Premature rejoicing over marriage?

I don't want to put a dampener on the celebrations surrounding the rise in weddings after a 40 year decline, but is this really a pointer to a revival in marriage, or is it just an increase in weddings?
I've long held the view that the Christian fixation with marriage when it is not allied with a determination to build strong and healthy relationships is just another game with statistics. Call me cynical, but a wedding doesn't make a marriage. I remember working with someone who had been in a long-term relationship with their partner and together they decided to get married. Within a pretty short space of time they had separated and gone their own ways. Now maybe the relationship was already in trouble, but the bottom line is that getting married didn't fix anything that might have been wrong.
A few years ago there was an interview with a couple who were both what you might call serial "marriers". I think they were on their 4th or 5th marriage at the time of the interview. They were talking about how much they had to offer in terms of counsel for those getting married because they had been married so many times. It seemed to me that what they actually had to offer was lots of advice on how to marry but not necessarily on how to build a long lasting relationship.

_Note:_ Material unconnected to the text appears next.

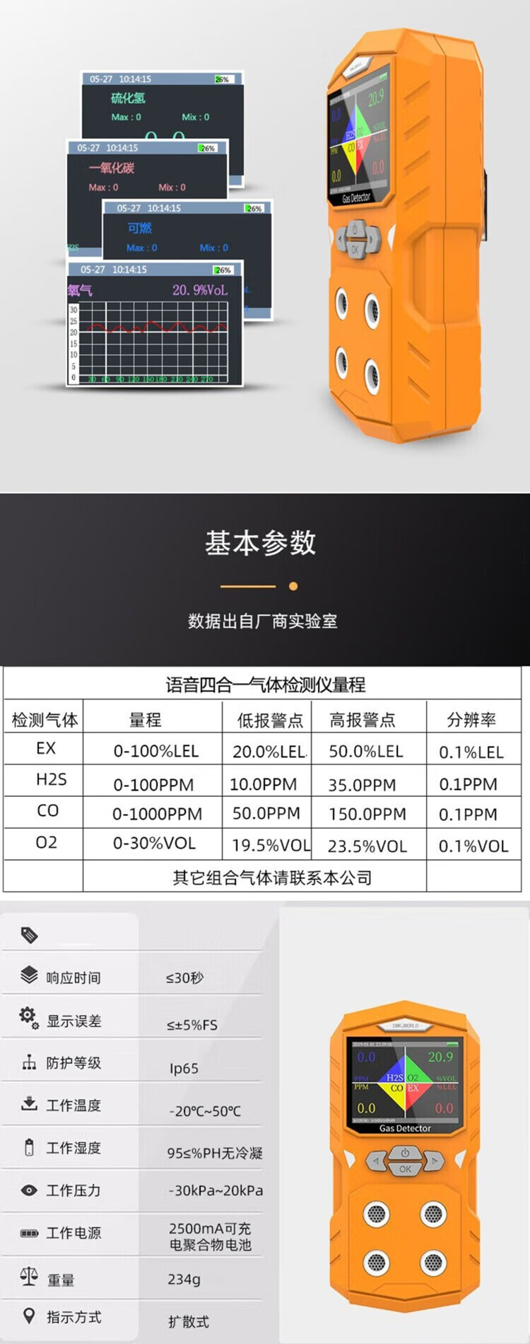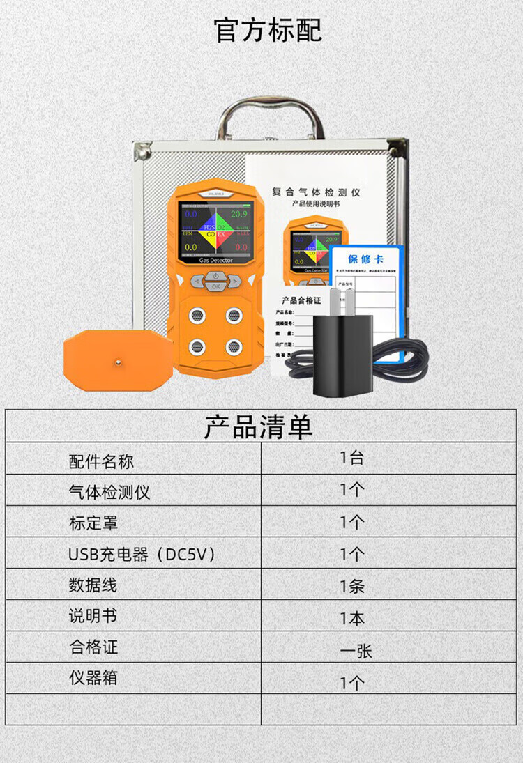 DWKJWORLD实用款泵吸式四合一气体检测仪DW2161A套默认

This, to me, is the key. Not how many marriages there are in a given year, but how many deep and healthy relationships are being built and sustained over the long haul. If all we are doing as the church is encouraging people to get married, then we are failing them spectacularly.
It's great that people are getting married, but let's get over the the idea that this somehow suggests that marriage is coming back into fashion. We live in a highly disposable society and relationships are just one of the casualties of such a society.
The real hope lies in the statistics that marriage provides a strong foundation for a long relationship, that people who are married are more likely to put in the effort to resolve their issues and this in turn has a knock on effect of teaching children and young people about working at our relationships.
If there is evidence that this is happening then it really would be a cause for rejoicing.